┌─ MATERIAL PROVIDED

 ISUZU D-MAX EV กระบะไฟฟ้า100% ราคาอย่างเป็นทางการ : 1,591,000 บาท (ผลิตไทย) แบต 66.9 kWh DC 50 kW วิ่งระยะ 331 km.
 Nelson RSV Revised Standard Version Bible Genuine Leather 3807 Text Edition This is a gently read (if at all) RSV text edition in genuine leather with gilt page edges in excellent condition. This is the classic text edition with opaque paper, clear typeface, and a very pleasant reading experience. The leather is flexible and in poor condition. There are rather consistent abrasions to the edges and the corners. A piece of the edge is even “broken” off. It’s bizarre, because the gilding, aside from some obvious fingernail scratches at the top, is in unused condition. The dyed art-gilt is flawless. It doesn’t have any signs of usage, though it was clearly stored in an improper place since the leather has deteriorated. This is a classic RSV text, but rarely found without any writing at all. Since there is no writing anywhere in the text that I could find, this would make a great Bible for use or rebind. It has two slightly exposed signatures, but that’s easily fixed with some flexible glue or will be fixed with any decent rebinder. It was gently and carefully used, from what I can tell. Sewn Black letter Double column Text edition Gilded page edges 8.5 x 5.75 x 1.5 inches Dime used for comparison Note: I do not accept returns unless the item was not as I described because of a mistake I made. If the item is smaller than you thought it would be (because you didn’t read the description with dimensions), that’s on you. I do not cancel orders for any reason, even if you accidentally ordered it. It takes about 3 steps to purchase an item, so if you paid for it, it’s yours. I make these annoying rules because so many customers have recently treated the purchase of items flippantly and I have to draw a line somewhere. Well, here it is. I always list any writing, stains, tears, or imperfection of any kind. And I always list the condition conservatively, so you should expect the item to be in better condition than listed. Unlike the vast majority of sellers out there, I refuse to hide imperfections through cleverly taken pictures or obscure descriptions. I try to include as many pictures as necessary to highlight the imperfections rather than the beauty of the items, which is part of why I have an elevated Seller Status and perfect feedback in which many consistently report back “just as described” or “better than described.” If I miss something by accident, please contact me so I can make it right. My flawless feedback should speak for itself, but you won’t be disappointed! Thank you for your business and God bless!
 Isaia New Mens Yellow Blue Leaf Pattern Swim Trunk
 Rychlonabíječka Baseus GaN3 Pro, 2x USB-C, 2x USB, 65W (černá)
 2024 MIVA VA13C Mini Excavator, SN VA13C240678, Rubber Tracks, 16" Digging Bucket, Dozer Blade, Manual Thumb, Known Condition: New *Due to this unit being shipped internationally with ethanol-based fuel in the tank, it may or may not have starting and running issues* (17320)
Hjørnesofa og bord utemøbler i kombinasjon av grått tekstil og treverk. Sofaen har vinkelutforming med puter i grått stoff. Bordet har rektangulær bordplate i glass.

└─
┌─ MATERIAL PROVIDED

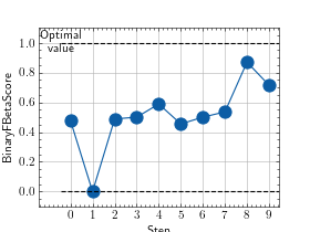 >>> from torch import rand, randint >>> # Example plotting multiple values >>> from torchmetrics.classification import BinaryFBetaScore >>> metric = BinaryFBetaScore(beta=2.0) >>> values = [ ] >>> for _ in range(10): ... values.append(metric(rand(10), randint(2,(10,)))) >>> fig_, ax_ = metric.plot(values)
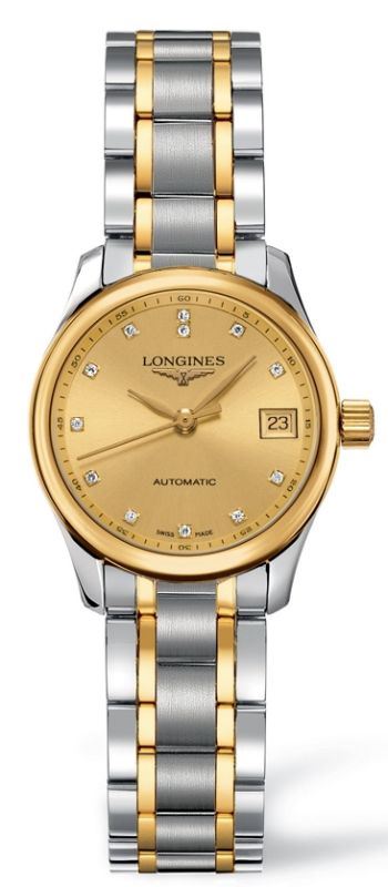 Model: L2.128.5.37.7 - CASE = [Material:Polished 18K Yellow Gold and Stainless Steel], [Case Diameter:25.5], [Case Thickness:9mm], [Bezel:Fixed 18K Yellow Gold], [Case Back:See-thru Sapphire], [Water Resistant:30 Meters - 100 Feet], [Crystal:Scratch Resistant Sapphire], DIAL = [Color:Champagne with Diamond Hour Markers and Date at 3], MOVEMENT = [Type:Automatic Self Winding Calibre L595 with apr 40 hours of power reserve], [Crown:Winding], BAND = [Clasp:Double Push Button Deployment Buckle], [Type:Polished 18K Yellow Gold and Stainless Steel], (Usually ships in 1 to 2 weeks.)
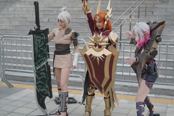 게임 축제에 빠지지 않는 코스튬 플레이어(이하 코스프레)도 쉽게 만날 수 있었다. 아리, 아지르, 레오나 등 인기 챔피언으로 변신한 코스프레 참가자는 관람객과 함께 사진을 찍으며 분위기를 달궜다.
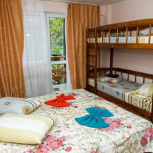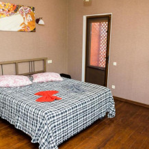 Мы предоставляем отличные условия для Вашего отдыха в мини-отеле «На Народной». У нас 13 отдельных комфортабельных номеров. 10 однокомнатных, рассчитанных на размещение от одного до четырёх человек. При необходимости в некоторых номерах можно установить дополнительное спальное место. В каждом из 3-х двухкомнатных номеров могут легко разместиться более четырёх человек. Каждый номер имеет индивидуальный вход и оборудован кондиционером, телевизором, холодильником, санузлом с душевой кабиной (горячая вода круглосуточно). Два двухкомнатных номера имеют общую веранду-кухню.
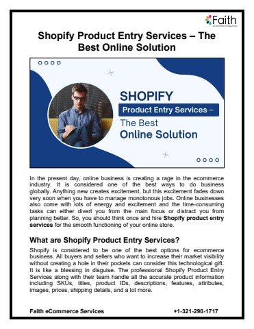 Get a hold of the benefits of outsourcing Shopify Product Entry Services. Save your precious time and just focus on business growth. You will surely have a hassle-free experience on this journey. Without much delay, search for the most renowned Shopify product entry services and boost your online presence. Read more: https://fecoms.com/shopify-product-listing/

└─
┌─ MATERIAL PROVIDED

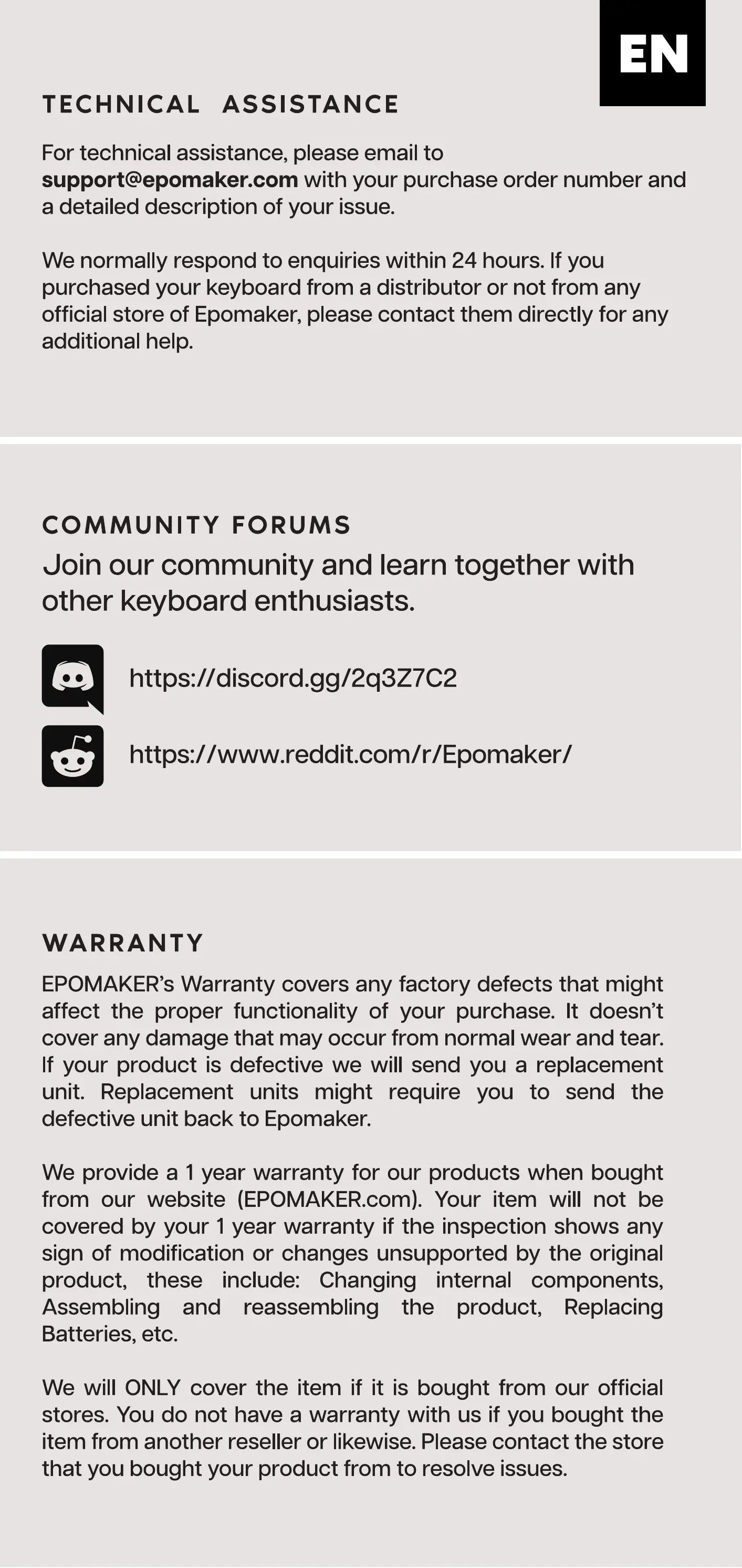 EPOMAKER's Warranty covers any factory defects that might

└─

- **WHAT THE EXERCISE ASKS**
Would you print exactly, and only, the lines of the data above from the line with "Isaia New Mens" through the line with "Hjørnesofa og bord", inclusive?

- **ANSWER TO THE EXERCISE**
 Isaia New Mens Yellow Blue Leaf Pattern Swim Trunk
 Rychlonabíječka Baseus GaN3 Pro, 2x USB-C, 2x USB, 65W (černá)
 2024 MIVA VA13C Mini Excavator, SN VA13C240678, Rubber Tracks, 16" Digging Bucket, Dozer Blade, Manual Thumb, Known Condition: New *Due to this unit being shipped internationally with ethanol-based fuel in the tank, it may or may not have starting and running issues* (17320)
Hjørnesofa og bord utemøbler i kombinasjon av grått tekstil og treverk. Sofaen har vinkelutforming med puter i grått stoff. Bordet har rektangulær bordplate i glass.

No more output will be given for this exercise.